Your instructions:
Give back the whole listing exactly as written, pictures excluded.

Data section below:

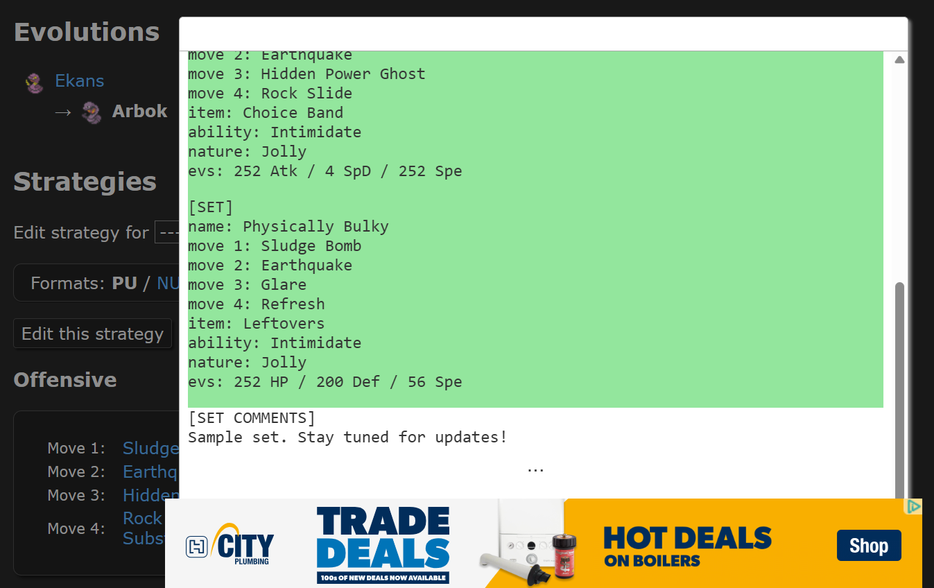 When hovering over the word "Speed" on a Pokemon's base stats in a Smogon Dex entry, it will display the final Speed stat for each set of a Pokemon. This is a useful feature. However, it does not properly interact with the fact that a Pokemon's set can have multiple EV spreads. In particular, it will only pull the first EV spread and use that to compute the displayed Speed stat. This produces undesired outcomes in two situations:
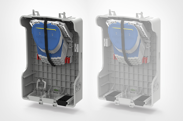 The HellermannTyton S4 wall mountable enclosures are suitable for both internal and external applications and have been developed for use within the last mile of the FTTX network. The medium MDU enclosure is 470 x 307 x 147mm (H x W x D) and manufactured in light grey (RAL 7035), UV stable ABS (Acrylonitrile Butadiene Styrene) and has an IP54, IK08 and UL-94 V0 rating. The MDU S4 cover can be customised with a moulded or labelled customer logo. The S4 C (Connectorised) can be configured with the large angled IR Fibre Management System which accommodates 6 SC-B IR MKII splice trays and 4 Connectorised trays (CTR) and up to 6 PLC splitters. A loop through anchor bracket is pre-fitted on the left port of the base. The dual outlet of the bracket allows for loop through applications. The black rubber seals cover a cable range of 3-14mm OD cable. The position of the FMS in the centre allows for horizontal splices and the additional lateral patch cord manager makes the fibre routing easier. The 4 red retaining blocks guide the fibre elements onto the FMS and their foam pads can be cut through to accommodate a range of fibre counts. One multi-drop seal (24 x 7mm drops) is pre-fitted on the right port of the base. An extensive range of optional accessories is available upon request and include lock, multi-drop seals (24 x 7mm), M20 and M25 cable glands (up to 18mm), loop through anchor kit, drop cable anchor brackets, SC or coloured splice trays, splitter holders for trays, internal or external loop storage baskets. |
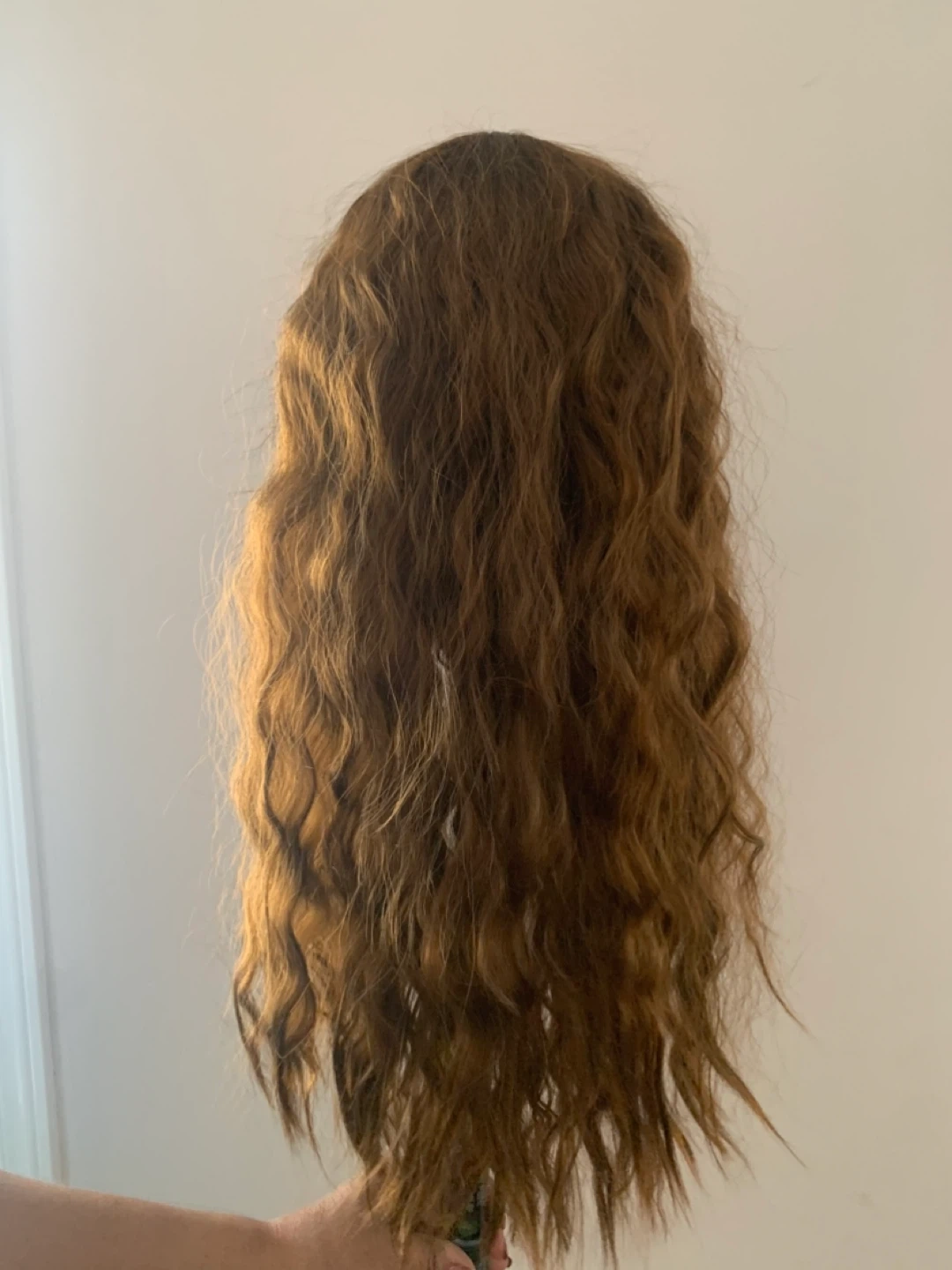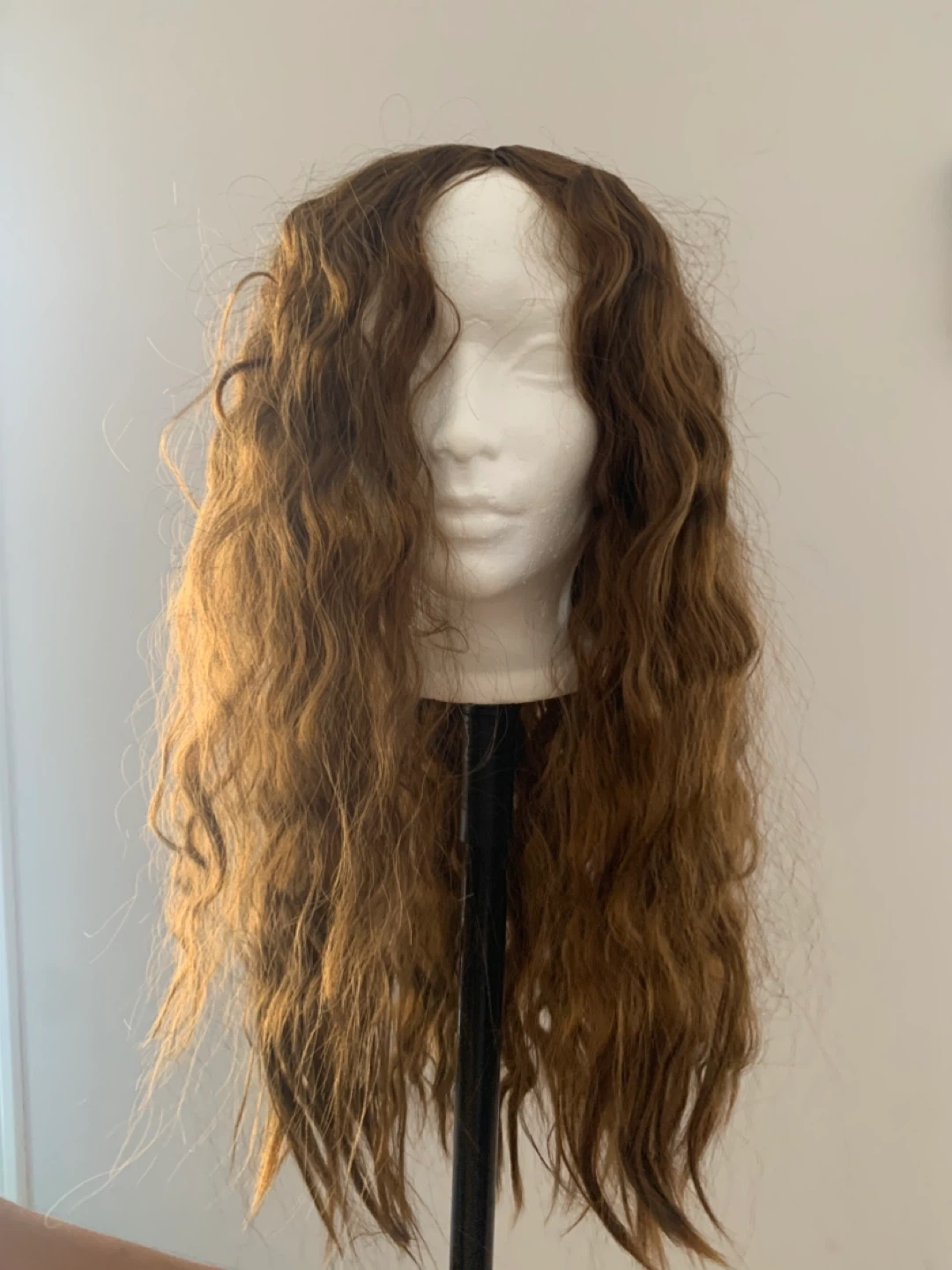 This wig features long, wavy brown hair. It has a natural look and feel. The wig is a versatile addition to any costume or style.

End of Data section.

Response:
 When hovering over the word "Speed" on a Pokemon's base stats in a Smogon Dex entry, it will display the final Speed stat for each set of a Pokemon. This is a useful feature. However, it does not properly interact with the fact that a Pokemon's set can have multiple EV spreads. In particular, it will only pull the first EV spread and use that to compute the displayed Speed stat. This produces undesired outcomes in two situations:
 The HellermannTyton S4 wall mountable enclosures are suitable for both internal and external applications and have been developed for use within the last mile of the FTTX network. The medium MDU enclosure is 470 x 307 x 147mm (H x W x D) and manufactured in light grey (RAL 7035), UV stable ABS (Acrylonitrile Butadiene Styrene) and has an IP54, IK08 and UL-94 V0 rating. The MDU S4 cover can be customised with a moulded or labelled customer logo. The S4 C (Connectorised) can be configured with the large angled IR Fibre Management System which accommodates 6 SC-B IR MKII splice trays and 4 Connectorised trays (CTR) and up to 6 PLC splitters. A loop through anchor bracket is pre-fitted on the left port of the base. The dual outlet of the bracket allows for loop through applications. The black rubber seals cover a cable range of 3-14mm OD cable. The position of the FMS in the centre allows for horizontal splices and the additional lateral patch cord manager makes the fibre routing easier. The 4 red retaining blocks guide the fibre elements onto the FMS and their foam pads can be cut through to accommodate a range of fibre counts. One multi-drop seal (24 x 7mm drops) is pre-fitted on the right port of the base. An extensive range of optional accessories is available upon request and include lock, multi-drop seals (24 x 7mm), M20 and M25 cable glands (up to 18mm), loop through anchor kit, drop cable anchor brackets, SC or coloured splice trays, splitter holders for trays, internal or external loop storage baskets. |
 This wig features long, wavy brown hair. It has a natural look and feel. The wig is a versatile addition to any costume or style.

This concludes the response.